Buying a Phone in Japan: The Easy Way to Stay Connected

buying a phone in japan

Do you want to stay in Japan for an extended holiday, to study or to work, and you need a way to stay connected to the phone and Internet? Fortunately, Japan’s system of calling and data networks are regarded as being among the best and most reliable in the world-for some. Foreign visitors looking for mid- to-long-term phone and data plans will likely have a difficult time shopping around for several reasons. Keep reading to find out what you’re up against when buying a phone in Japan and discover an easy solution that will save you money and keep you connected throughout your stay.

5 Reasons Buying a Phone in Japan Is So Difficult

Photo by choo chin nian on Flickr

1. Established Residency

There is a nationwide requirement, by law, to provide a permanent address and copy of your residence card if you want to sign up for a Japanese phone plan. Both of these take time to get, which doesn’t help when you need a phone during your first days and weeks in Japan. Some phone companies also require that you already have a Japanese phone number, despite you having just arrived in the country.

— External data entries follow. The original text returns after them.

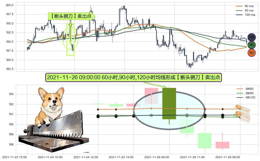 形态多维评估: ⚀ 2021-11-26 09:00:00小时显现 60小时-90小时-120小时均线 【断头铡刀】卖出点 看空信号,后市看跌,卖出
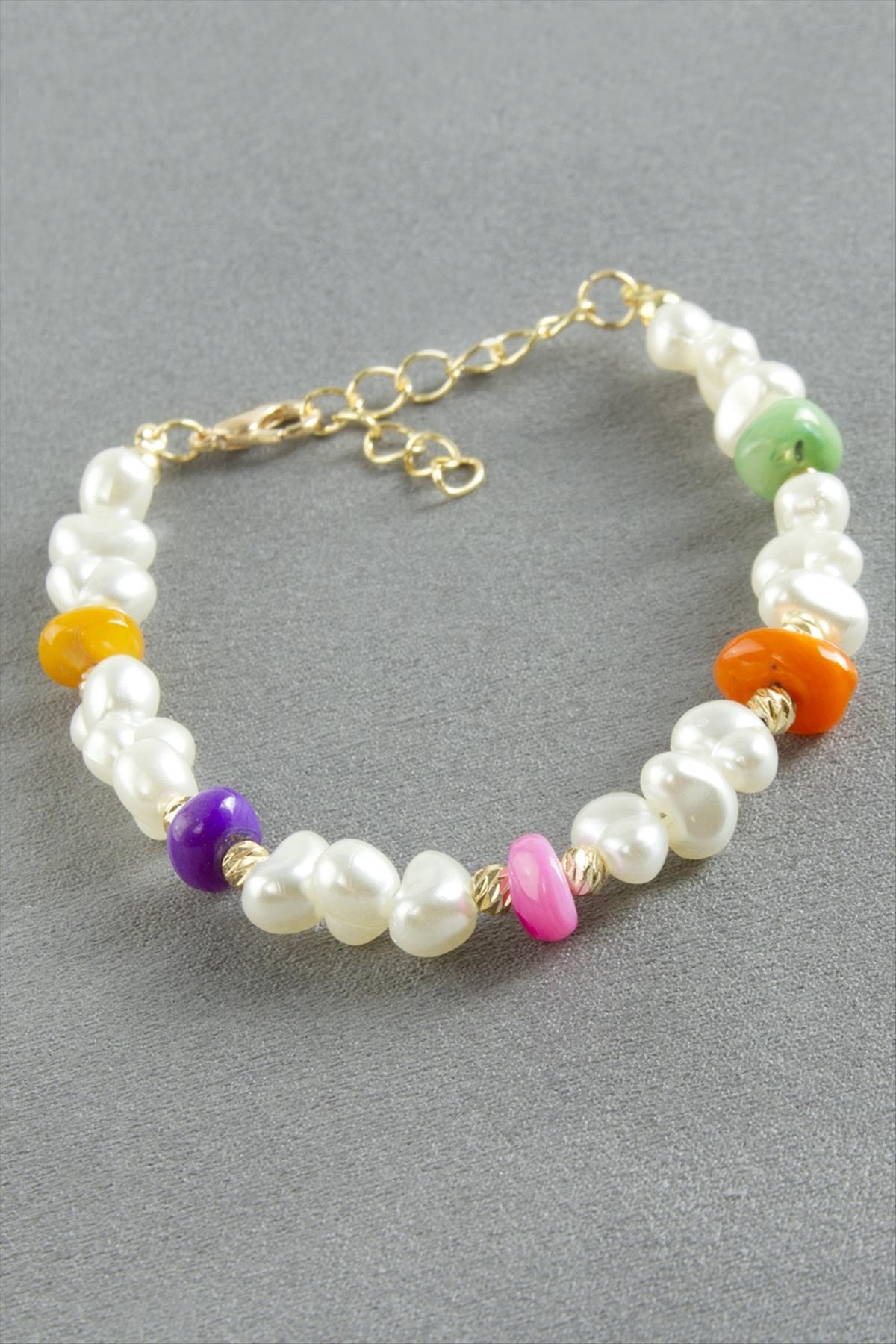 Bileklik; Ürün malzemesi kırık doğaltaş ve incidir. Ürün boyu 19 cmdir. Fiyat 1 adet için geçerlidir. Kartlıdır.
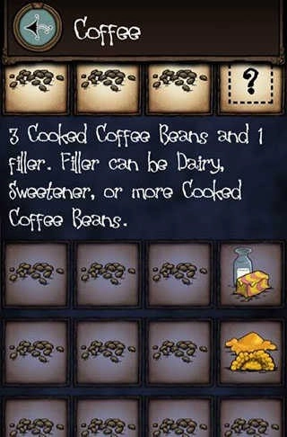 需要3个咖啡豆加一个甜品(黄油、蜂蜜、咖啡豆)
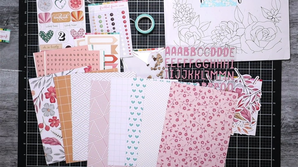 I am still struggling with some lighting issues in my space after one of my light fixtures went kaput. So this is not the most flattering photo, but you can still see all the pretty colors, textures and patterns included in the kit.
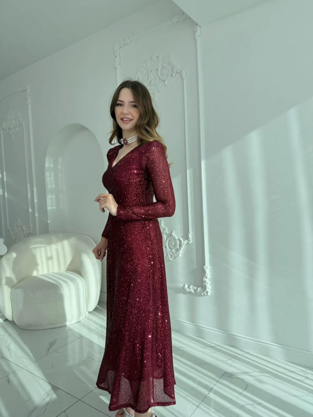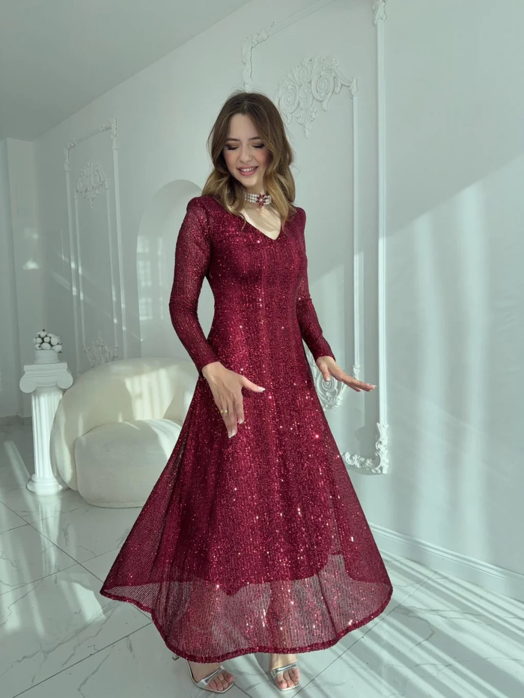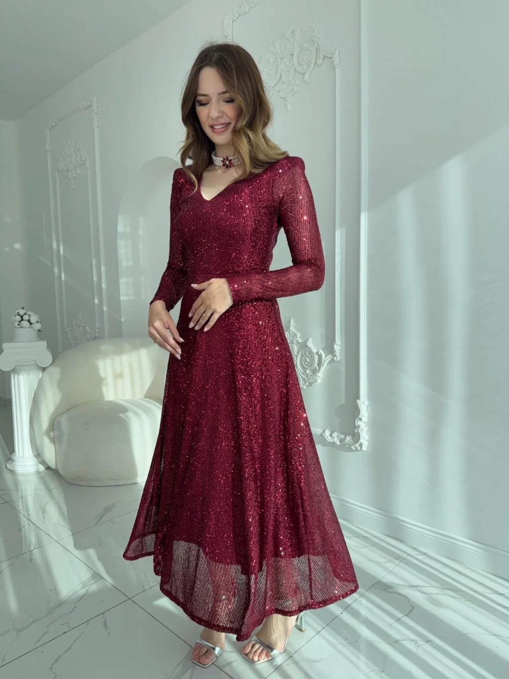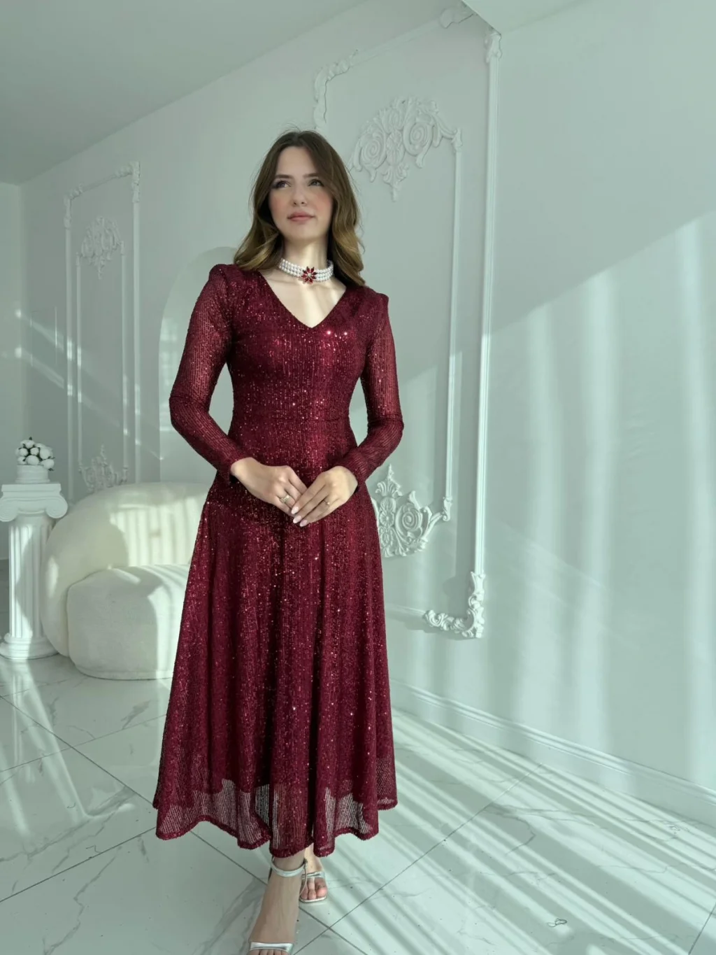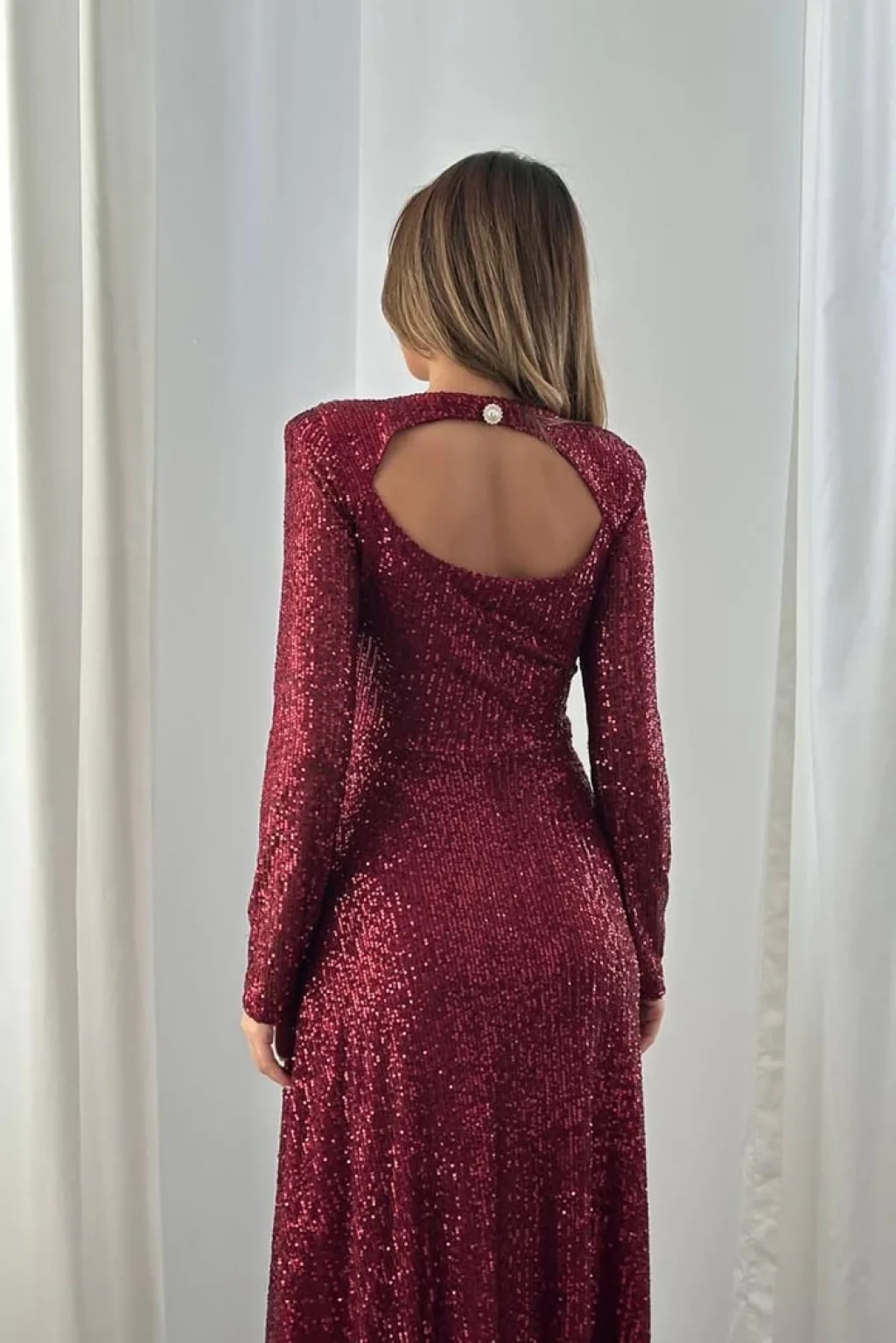 Işıltısı ve zarif tasarımıyla özel günlerinizde göz kamaştırın! V yaka detayı, uzun kollu formu ve vücudu zarifçe saran kesimi ile şıklığı ön plana çıkaran bu abiye, payet işlemeli kumaşı sayesinde her adımda parıltısını ortaya koyuyor. Arka kısmında yer alan pencere detayı ve incili broş dokunuşu ise modele modern ve sofistike bir hava katıyor. Astarlı yapısı ile rahat kullanım sunan elbise, hem davetlerde hem de özel organizasyonlarda vazgeçilmez tercihlerinizden olacak.

No, really. It happens. Others, require that you have a Japanese bank account.

2. Two-Year Contract

Assuming you can show that you found a place to live and set up a Japanese bank account, the next hurdle you may face is limited contract options. Major retailers usually require a two-year contract with their phone plans and proof that you can stay in the country that long. For any visitor coming to Japan with a visa that limits your stay to under 2 years, it can be difficult to convince the phone company that you can honor the contract.

Early cancellation fees are also painfully expensive for Japanese phone contracts, and require you to go into the store to make the request in person.

3. Language Barrier

It is only possible to discuss so much about a phone contract with gestures and a phrase book. This can lead to a frustrating customer experience, especially if you find a retailer that seems to understand you perfectly-until it comes time to pay or cancel your service. To overcome this barrier, you’ll need to bring someone with you to the store who can speak the language.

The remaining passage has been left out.